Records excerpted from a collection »
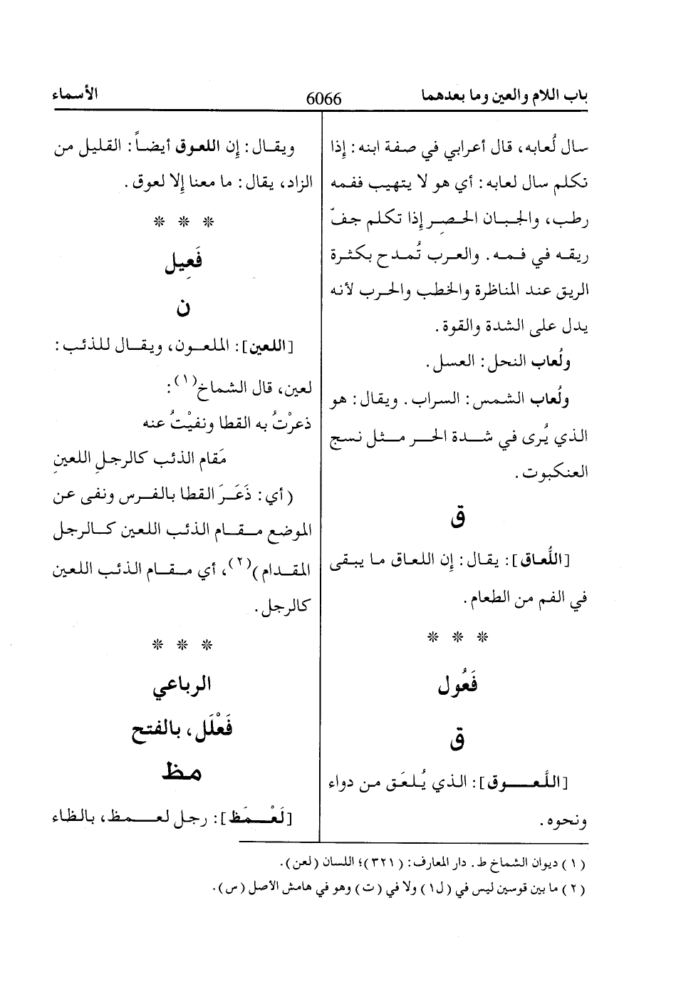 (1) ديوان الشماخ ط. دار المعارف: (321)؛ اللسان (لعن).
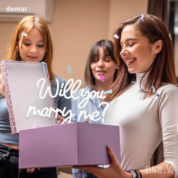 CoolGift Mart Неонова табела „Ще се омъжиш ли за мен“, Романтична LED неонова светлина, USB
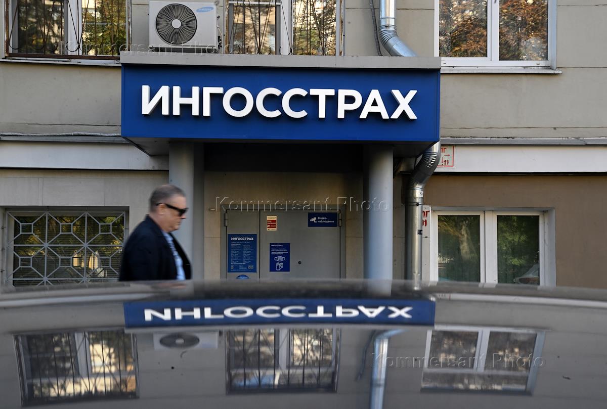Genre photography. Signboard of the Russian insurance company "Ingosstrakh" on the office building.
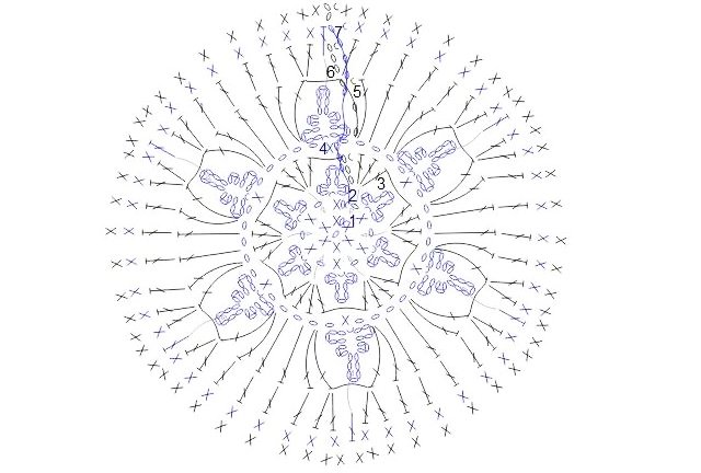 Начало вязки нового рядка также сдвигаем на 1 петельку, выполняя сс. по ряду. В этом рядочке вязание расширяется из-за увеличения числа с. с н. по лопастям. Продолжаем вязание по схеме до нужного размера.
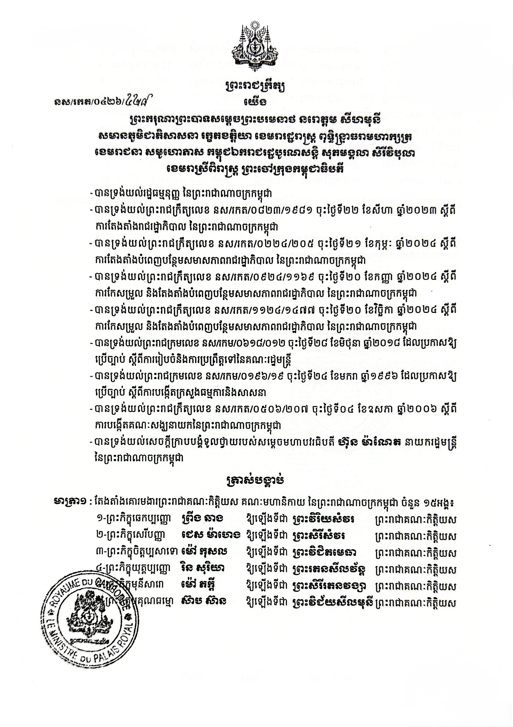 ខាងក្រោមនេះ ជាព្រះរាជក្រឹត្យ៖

TASK DESCRIPTION » Starting from the line containing "Genre photography. Signboard", repeat each line exactly through the end of the entries, including the last, while leaving pictures out.

OUTPUT FOR THIS EXERCISE »
Genre photography. Signboard of the Russian insurance company "Ingosstrakh" on the office building.
 Начало вязки нового рядка также сдвигаем на 1 петельку, выполняя сс. по ряду. В этом рядочке вязание расширяется из-за увеличения числа с. с н. по лопастям. Продолжаем вязание по схеме до нужного размера.
 ខាងក្រោមនេះ ជាព្រះរាជក្រឹត្យ៖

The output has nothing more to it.